In our environment, we have a build and deployment process that generates lambda layers based on Python requirements files. This process works well for package bundles that don’t exceed the 50MB per layer plus 5 layer per lambda limitation. As soon as your package installation size exceeds ~250MB, you have to either figure out which packages can be considered bloat or begin considering EFS or custom lambda containers.

When faced with this issue, I decided to try out lambda containers. If you want a detailed walk through on how to get started, visit AWS’s documentation here. I’m going to cover why and how I implemented custom lambda containers.

Our data engineers use lambdas to help with ETL processes. Those lambdas make good use of data related packages such as numpy, pyarrow, pyathena, and pandas. With just these packages we were easily breaking the 250MB total limitation of lambda layers. There are also many other packages that have to be installed.

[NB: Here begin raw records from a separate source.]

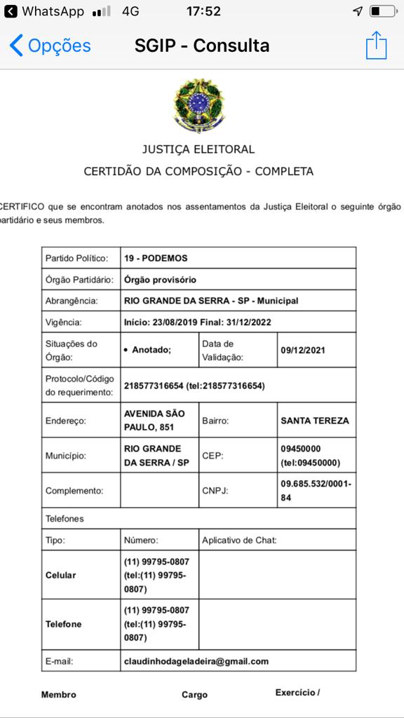Agora surgiu mais uma situação levantada pelos pesquisadores de plantão. Claudinho da Geladeira (PSDB) estaria presidindo o partido (Podemos) de Rio Grande da Serra. Nos bastidores não sabem se isso acarretará algum tipo de problema, mas deu um nó na cabeça de quem segue o mandatário pelas ideias políticas, ele saiu do PT, foi para o Podemos e se filiou ao PSDB, mas continua como presidente do Podemos. Qual discurso seguir? Com que roupa eu vou?
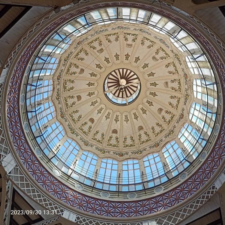– so we took the train back home. We went through Valencia North train station, built 1906 – 1917, several times. So many people rushing through, few seem to notice the room alongside it – not sure what it is for, but it was quite grand. The difference between being retired, slowed down, usually lost, spaced out staring at everything and busy rushing through life not seeing much is rooms such as this get bypassed.
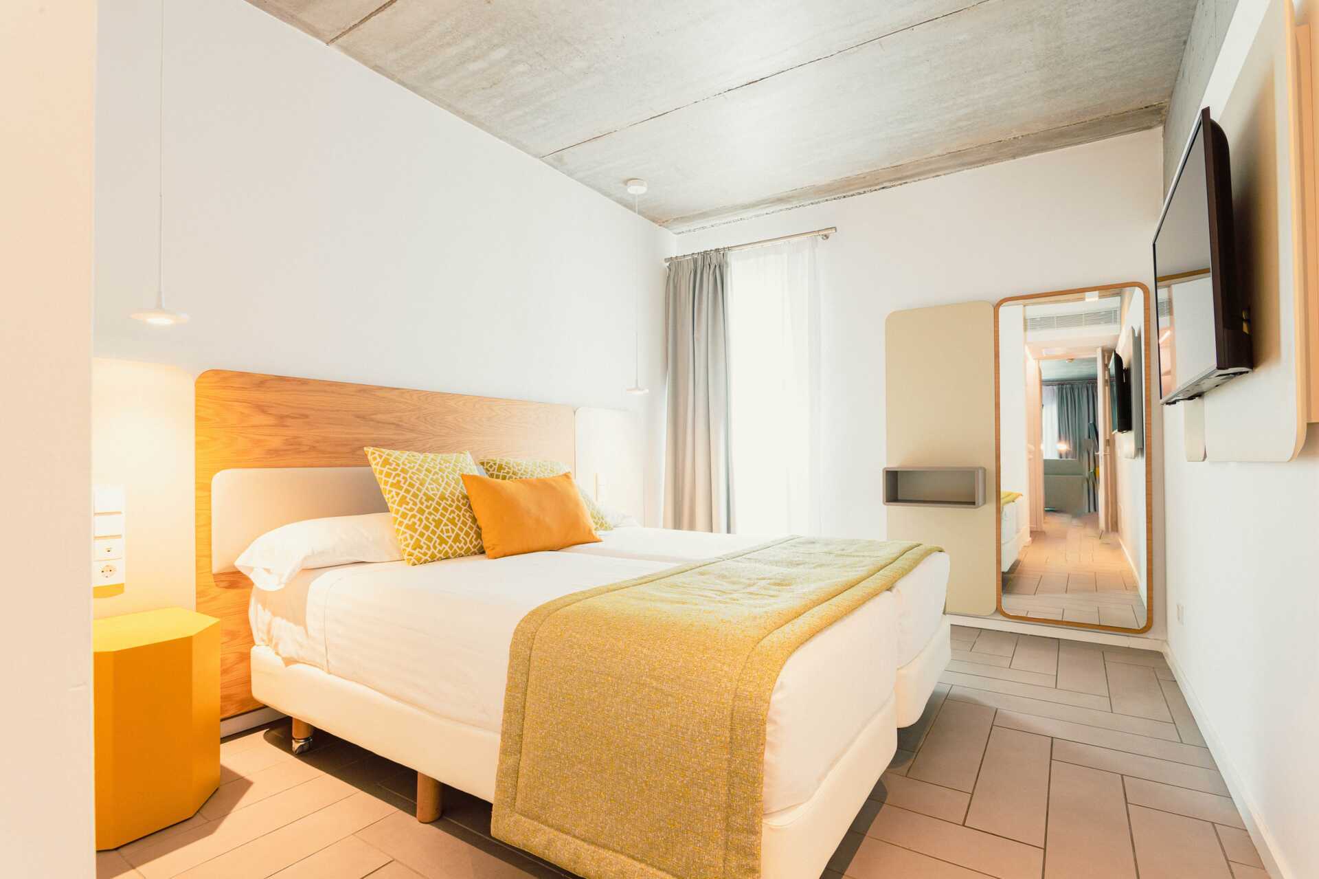 3-værelses lejlighed i etage med terrasse i stueplan. Nogle lejligheder har terrasse i stueplan med bord, stole og solstole og nogle lejligheder har terrasse i stueplan med bord og stole og en tagterrasse med solstole. Lejlighederne kan ligge i hovedbygningen eller i en separat bygning. To soveværelser og et kombineret opholdsrum med minikøkken. I stueetagen er der et soveværelse med to enkeltsenge. Mulighed for ekstra opredninger i sovesofaer og minikøkken med køleskab, fryser, mikroovn, keramisk kogeplade, opvaskemaskine, brødrister, kaffemaskine, el-kedel, saftpresser, æggekoger og enkelt køkkenudstyr. Vaskemaskine og tørretumbler samt et badeværelse med hårtørrer, bruser og toilet. Ovenpå eller nedenunder - alt efter hvor på hotellet lejlighederne ligger, er der soveværelse med to enkeltsenge og badeværelse med hårtørrer, bruser og toilet. Gratis wifi, aircondition og deponering. Badekåber og poolhåndklæder. Rengøring 7 gange om ugen.

I did some research on lambda containers and decided to use this feature to solve the issue for a few reasons: 1. I was already familiar with Docker containers, 2. we (the DevOps Team) had already been customizing containers for our CI/CD system and had examples of build and deployment methods, 3. You get 10GB of space to play around with, and 4. I just thought it would be fun to do.

The first thing I did was configure a Dockerfile on my local machine to install all of the required Python packages in a base container layer. Below is an example of what that Dockerfile looks like (I’ve removed company related secrets):

#python-lambda-container-base
FROM public.ecr.aws/sam/build-python3.8:latest

#Install required packages
COPY requirements.txt /var/task/requirements.txt
RUN python --version
RUN pip install --upgrade pip
RUN pip install -r requirements.txt

Very simple, right?

After getting the kinks worked out, I implemented a build and deployment process that does the following:

checks out the repository that has the Docker code in it
builds the image from the Docker file
uploads the image to ECR with SHA1 tag as its name

In order for the final container to work in AWS, I had to setup a layer that includes the necessary entry point. The Dockerfile looks something like this:

FROM ${AWS_ACCOUNT_ID}.dkr.ecr.us-east-1.amazonaws.com/python-lambda-container-base:latest

# Copy function code
ARG FUNCTION_NAME
COPY functions/${FUNCTION_NAME}/  /var/task/

ENTRYPOINT [ "/var/lang/bin/python", "-m", "awslambdaric" ]
CMD [ "main.handler" ]

This Dockerfile lives with the python code that needs to be deployed to the lambda. Now there is something you should note here — the code is deployed with the container. Once the lambda container is deployed, you cannot update the code by uploading a zip or editing the code in the console. The entire container has to be rebuilt. Actually, only the second layer needs to be rebuilt unless you are installing new packages.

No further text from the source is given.